Diese Stätte des Gedenkens ließ das Leid der Bevölkerung der Stadt während des Zweiten Weltkrieges erahnen. Die geplante Vernichtung der Bevölkerung und die Zerstörung der Stadt gehören sicherlich zu den schlimmsten Verbrechen der deutschen Wehrmacht in Russland. Auch der Besuch eines Mahnmals innerhalb der Stadt brachte der Gruppe die Lebensumstände der städtischen Bevölkerung nahe. Für die deutschen Schüler bewundernswert war, dass trotz aller Entbehrungen (Lebensmittel, Brennstoffe und Medikamente waren knapp bzw. fehlten) und trotz ständiger Bombardierung das kulturelle Leben nicht zum Erliegen kam. In den 900 Tagen der Blockade waren Theater und Konzertsäle weiterhin offen und boten jeden Tag ein Programm an. Dieses überlebenswichtige Interesse an der Kultur zeigt sich auch heute noch in den vielfältigen Theatern, Konzertsälen und Museen der Stadt.
Ein weiterer Programmpunkt war der Besuch der St.-Petri-Kirche an der Hauptverkehrsachse und Prachtstraße der Stadt, dem Newski-Prospekt. Etwas abseits vom Lärm und der Geschäftigkeit gelegen, besteht diese größte lutherische Kirche in Russland seit 1727. Die Vorgängerkirche befand sich auf dem Gebiet der Peter-und-Paul-Festung.
Die Geschichte der Kirche ist eng mit der Politik verflochten. Unter Stalin wurde sie komplett gesperrt, so dass keine Gottesdienste mehr stattfinden konnten. Die Kirche stand leer, bis man 1962 ein Schwimmbad im Innenraum einbaute. Dieses Schwimmbecken ist noch vorhanden. Im Kellerbereich ist das gut zu erkennen. Auch die Zuschauerränge sind noch erhalten geblieben. Im Keller selbst befindet sich noch eine kleine Ausstellung über die Geschichte der deutschen evangelischen Christen während der Zeit der Verfolgung nach 1945. Seit 1997 wird die Kirche wieder für Gottesdienste genutzt.
In der Zeit des Austauschs fiel auch die „Deutsche Woche in St. Petersburg“. Während dieser Veranstaltung findet auf der einen Seite ein Kulturprogramm mit deutschen Künstlern statt, die auf St.

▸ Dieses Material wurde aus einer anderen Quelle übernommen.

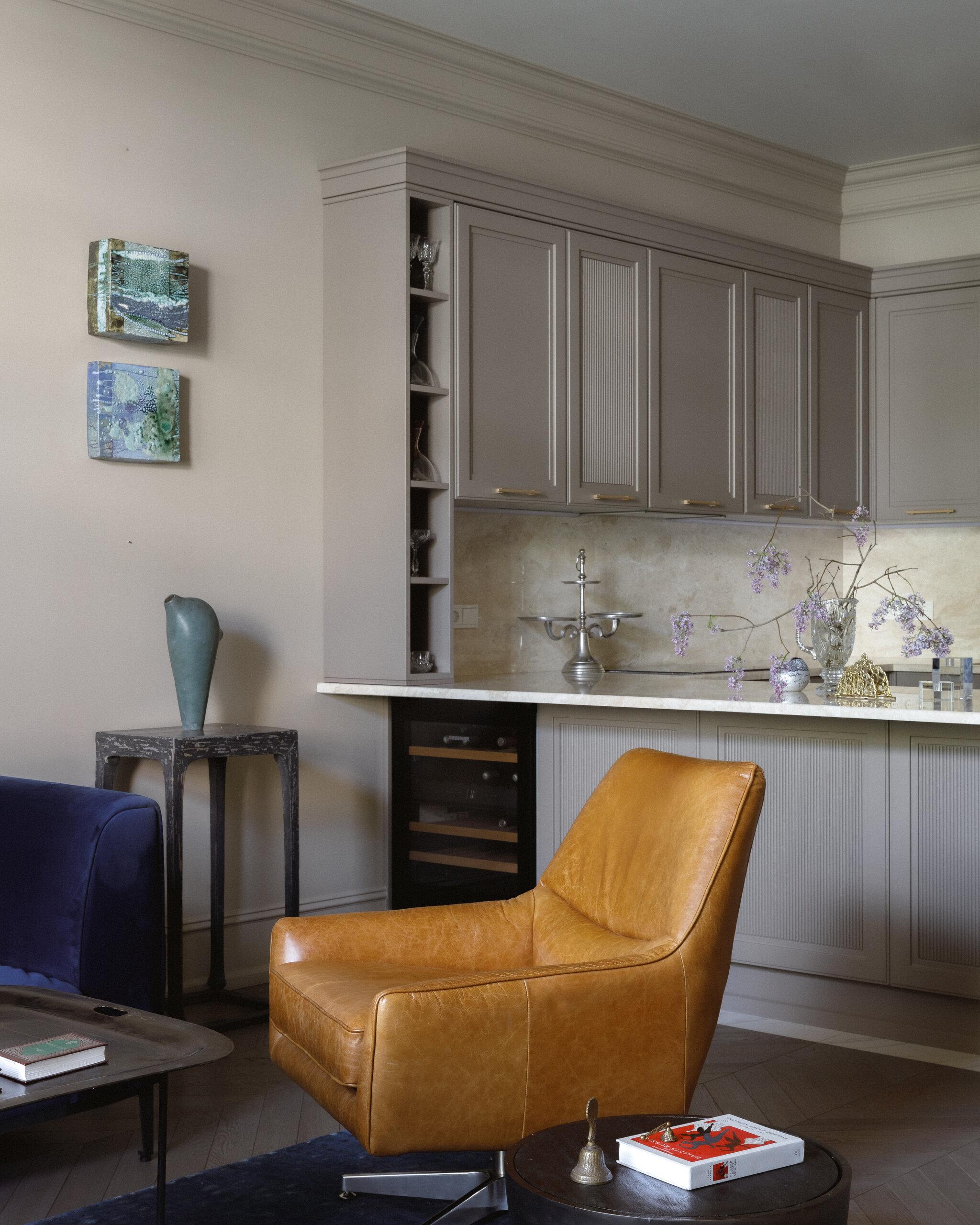 Хозяйка квартиры — стюардесса, человек легкий, свободный и в то же время невероятно организованный. Для нее дом должен был стать местом силы, противоположностью бесконечных аэропортов и гостиничных номеров. Она не хотела холодного минимализма и универсальных решений, напротив, каждая деталь должна была отражать ее личный опыт и воспоминания из путешествий.

Petersburger Bühnen konzertieren. Dabei unterstützt Hamburg als deutsche Partnerstadt diese kulturellen Aktivitäten. Auf der anderen Seite zeigen deutsche Unternehmen, die in St. Petersburg bzw. Russland ihre Niederlassungen haben (Lufthansa, Henkel u.a.) ihre Leistungsfähigkeit und ihre positive Zusammenarbeit mit der heimischen Industrie und Wirtschaft.
Alle aufgeführten Aktivitäten der deutsch-russischen Schülergruppe wurden während des Aufenthalts dokumentiert, damit die Projekte gemeinsam von den deutschen und den russischen Schülern zum Ende des Austauschs in der jeweiligen Landessprache in der Schule vorgestellt werden konnten.
Neben diesen für die deutsch-russische Freundschaft sehr wichtigen Sehenswürdigkeiten stand auch der tägliche Schulbesuch auf dem Programm. In den unterschiedlichen Fächern von Sport bis Informatik konnten die deutschen Schülerinnen und Schüler am Unterricht teilnehmen und so Vergleiche zum deutschen Schulalltag ziehen. Neben dem schulischen Alltag erlebten die Marienstatter Schüler hautnah auch das tägliche Leben innerhalb der Gastfamilien.
Abschließend lässt sich feststellen, dass durch diesen Austausch Freundschaften entstanden sind, die sicherlich noch lange anhalten werden und gerade in Bezug auf die Völkerverständigung der beiden Länder sehr wichtig sind.
Für die finanzielle Unterstützung bedankt sich die Marienstatter Gruppe unter der Leitung von Herrn Heinrichs, Herrn Kläsner und seiner Frau ganz herzlich bei der Stiftung „Deutsch-russischer Jugendaustausch“ und beim Förderverein des Gymnasiums.